- Marvel Comics graphic novel Dreadstar cover
- Date: 1982
- Main characters: Vanth Dreadstar Syzygy Darklock Oedi
- Publisher: Marvel Comics

Creative team
- Writers: Jim Starlin
- Artists: Jim Starlin

= Dreadstar (graphic novel) =

1982 graphic novel by Jim Starlin

Dreadstar, published in 1982, is a science fiction comic book published by American company Marvel Comics, the third in the Marvel Graphic Novel series. This graphic novel is also the third part of the Metamorphosis Odyssey and was printed in color from paintings by Jim Starlin.

==Synopsis==
Following the events told in the Eclipse Comics portion of the Metamorphosis Odyssey, the Dreadstar graphic novel opens with Vanth Dreadstar leading the life of a peaceful farmer. The planet on which he lives was the site of an Instrumentality experiment to create a race of cat-human hybrid warriors. The experiment was a failure, the hybrids are mild-natured and generally only suited to farming. Dreadstar marries a human scientist and lived quietly for some decades.

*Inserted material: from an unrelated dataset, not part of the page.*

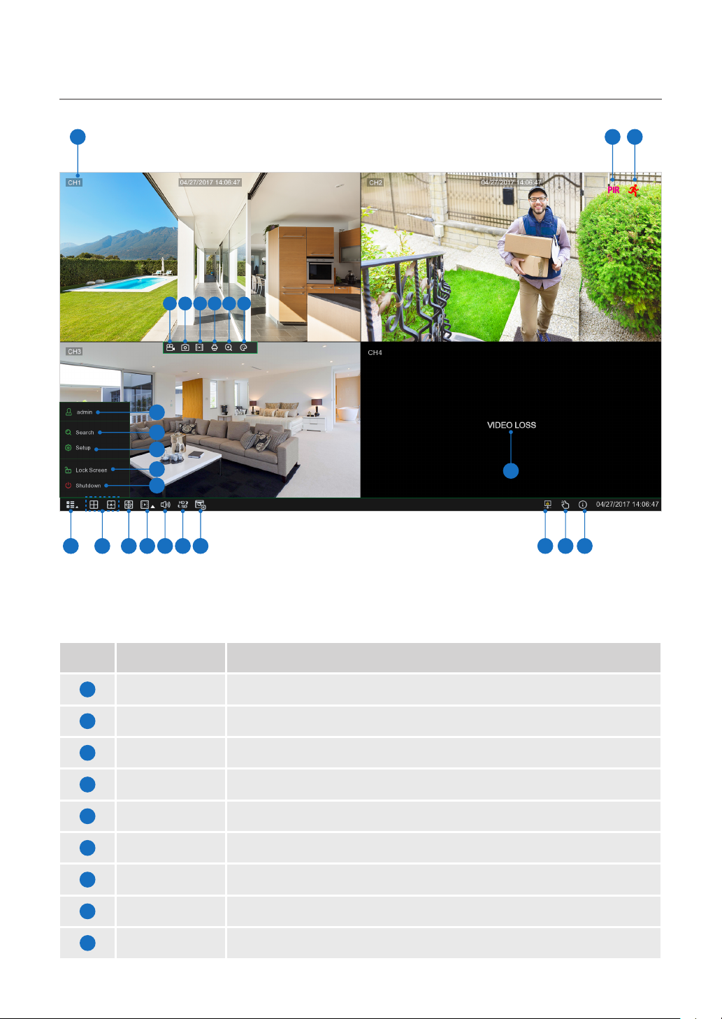 • Kliknij kanał na ekranie podglądu na żywo, aby otworzyć pasek szybkiego działania aparatu.

As the story continues, it becomes apparent that the power of the sword has granted Dreadstar immortality, so he does not age along with his wife. He spends his time farming and studying magic and politics with sorcerer Syzygy Darklock. From Darklock he learns about the history of two equally-matched enemies, the Instrumentality and the Monarchy. These two galactic empires have fought a stalemated war for generations, finally turning into a conflict that neither side wants to win since their war-based economies would collapse.

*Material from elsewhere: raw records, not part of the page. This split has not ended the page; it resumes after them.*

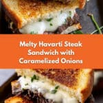 Keywords: steak sandwich, havarti cheese, caramelized onions, herb butter, comfort food, easy dinner, quick sandwich
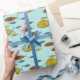 Mid Century Modern Fish Atomic Era Blue Custom Wrapping Paper
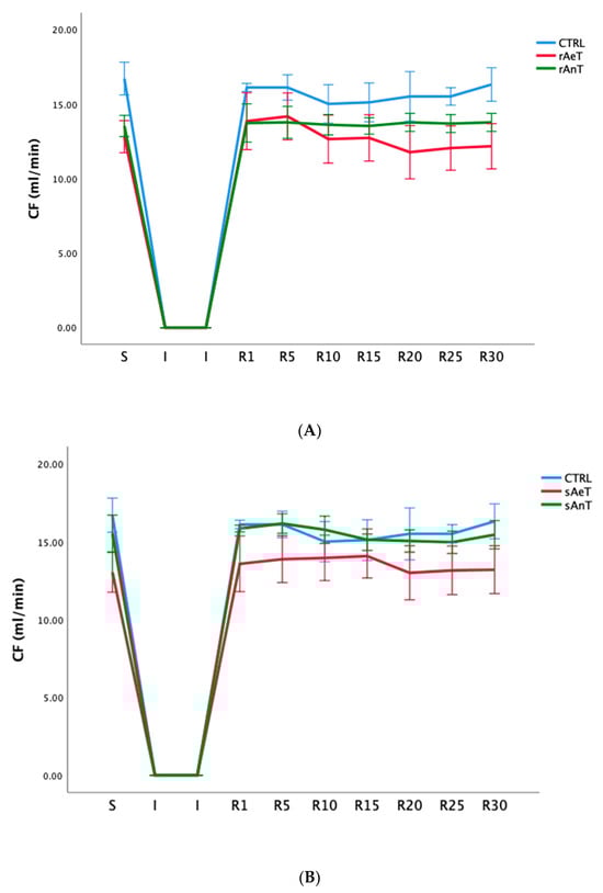 Values of coronary flow (CF) in (A): CTRL, sAeT, and sAnT groups; and (B): CTRL, rAeT, and rAnT. Results are presented as mean ± standard error of mean.

At first Dreadstar is unwilling to resume his role as a warrior. But after a fleet of Monarchy ships destroys his home, killing his wife and all his friends, he joins the military forces of the Monarchy and sets into motion a plan to force an end to the war.

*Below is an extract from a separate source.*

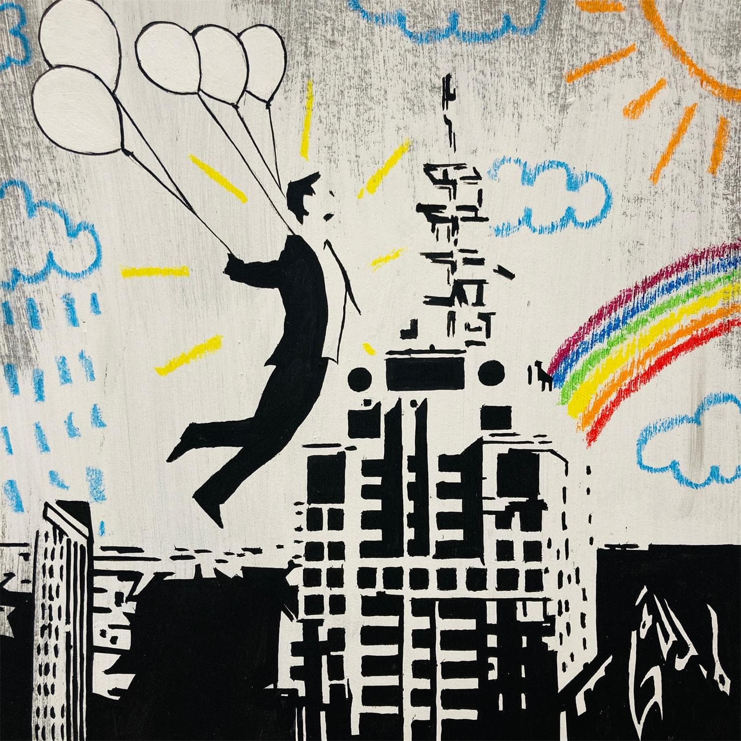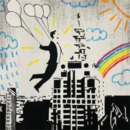 Painting Man with five balloons by Di Vicino Gaudio Alessandro | Painting Acrylic

Dreadstar quickly rises to a military command rank, which enables him to ensure that all members of the attack force that killed his wife and home are sent on suicide missions. He then assassinates the King of the Monarchy and intimidates the new monarch, the weak-willed Gregzor, into following his plan. When Gregzor protests that the great nobles and captains of industry will resist following along, Dreadstar answers that he would deal with any resistance the way he dealt with the former king.

The story continues in the fourth part of the Metamorphosis Odyssey, contained in the pages of the Marvel comic Dreadstar.

==In other media==
Benderspink, Universal Content Productions and Illuminati Entertainment intended to develop a Dreadstar TV series.